Today’s Planetes episode was about how rich people are terrible and should probably be killed.
Well, there was a little more to it than that, but not much. This was one more classic office storyline, the episode where the head office’s son visits the branch and everyone has to kowtow and dance for him because nepotism is awesome. It’s a standard plot shell that was executed in a pretty routine manner – we learned that Hachi and the Control employee Claire were once an item, and Tanabe’s ultimate defense of the debris unit earned her some clearly plotted respect from Hachi, but in the end, this is the kind of episode you could see in basically any episodic drama or sitcom.
The rich kid in question this time was Colin Clifford, the second son of the chairman of INTO. As we learn at the beginning of the episode, the debris division is actually in the red, but it’s not really their fault. Debris is assigned a monetary value through a central point system, and so a debris division’s success or failure generally rides on the type of debris it’s being assigned. Our heroes haven’t been getting great debris, and so in order to balance the books, Seven’s higher-ups decide to do a favor for INTO’s head. It’s the classic off-the-table wheeling and dealing you expect in a creaking corporate infrastructure.

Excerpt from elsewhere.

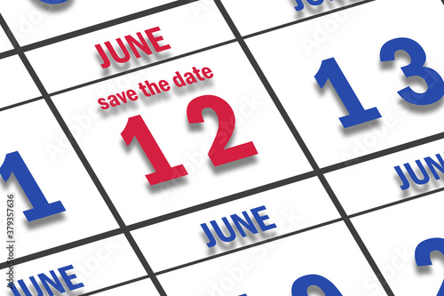 june 12th. Day 12 of month, Date marked Save the Date on a calendar. summer month, day of the year concept

Colin is a deeply obnoxious presence here, an intentional caricature that still feels pretty much on-point for an extremely rich second son. It’s easy to assume that Colin’s older brother is likely considered the actual heir of the family, and thus Colin himself is allowed to dick around with his endless wealth as long as he doesn’t make too much of a mess of things. Colin sneers his way around, making fools of Planetes’ heroes and generally acting like the piece of class trash that he is, while Hachi moves from “I’ve lost my temper” to “I will kill this pasty toad.” His conversations with Claire are as on-the-nose as everything else about this episode – she may hate this spittlekid just as much as Hachi, but she’s willing to suffer this task to move to a career position where her actions are valued appropriately. Claire fits nicely alongside Hachi’s pilot friend in the ranks of people who’ve actually gained some stability and pride in their careers, and thus seemingly left him behind.

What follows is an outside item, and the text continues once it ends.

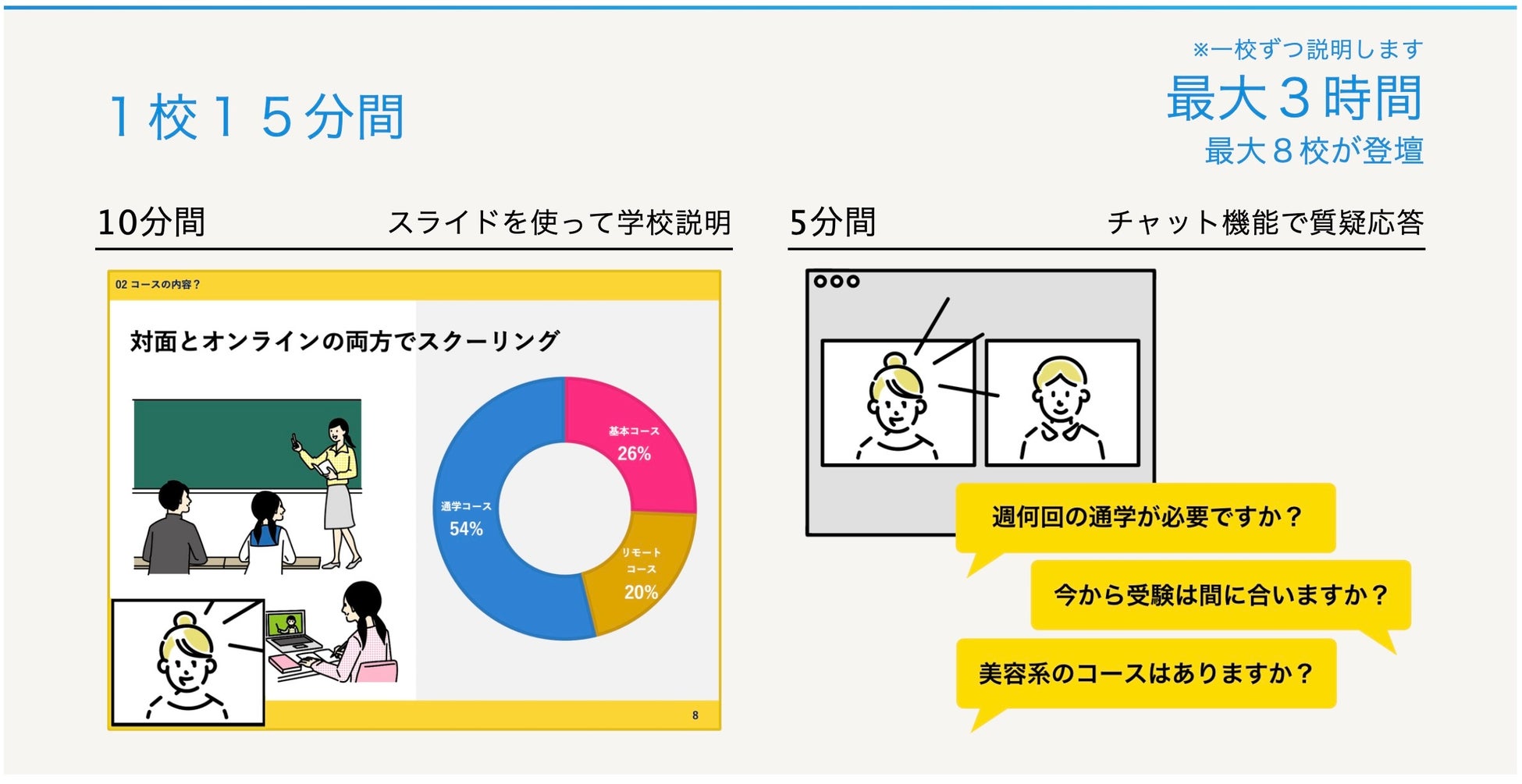 各エリアごとに最大8校の通信制高校・サポート校が登壇し、15分ずつのプレゼンテーションを行います。各校の特色、カリキュラム、サポート体制、進路実績などを直接比較することで、生徒や保護者が自分に最適な学校を効率的に選択できます。短時間で複数校の情報を効率的に収集でき、同一フォーマットでのプレゼンにより、各校の違いがよく分かるイベントとなっています。

In the end, we learn that Colin’s reason for going on this trip was that he needed to recover a camera left drifting by a recent space joyride. Helping him cover up this blunder is of course anathema to the debris team – Colin has, through his negligence, contributed to the immediate threat the debris crew are employed to fight. Fee rationalizes their complicity by framing it as one more job – regardless of how the debris got there, it is their duty to recover it. But when lubetube Colin starts outright bragging about causing a dangerous felony and getting away with it, both Hachi and Tanabe have finally had enough.
There’s frankly not that much to dig into in an episode like this. It’s an easy template executed without much panache – Colin is a one-note villain (as these kids often are, to be fair), the only real plot movement here is “Tanabe gains a bit more of Hachi’s respect,” and everything resolves without changing the show’s fundamental variables in any way. Wholly episodic conflicts like this ride on the grace of the telling and the small, distinctive details, and this episode had little of either – the beats are obvious, thematic reflections just echoes of prior episodes, and execution pretty standard. Planetes is a show with generally strong worldbuilding and character animation, and that was all true here, but those strengths didn’t have all that much to do with themselves.
One element of this show that is beginning to bug me a little is what clowns both of the bosses are. Like, actual clowns – their only roles in this show seem to be to make silly faces and have meaningless B-plot stories that resolve in anticlimax. They’re not real people, and their farcical narratives only seem to detract from the show’s generally grounded tone, so it always kinda feels like a deflation of the show’s tension when the camera jumps to them. Perhaps the show will find a better use for them eventually, but right now they’re mainly just a source of mild annoyance.
So yeah, not a great episode. Can’t win ’em all! At least I got to see a rich jerk get punched in the face.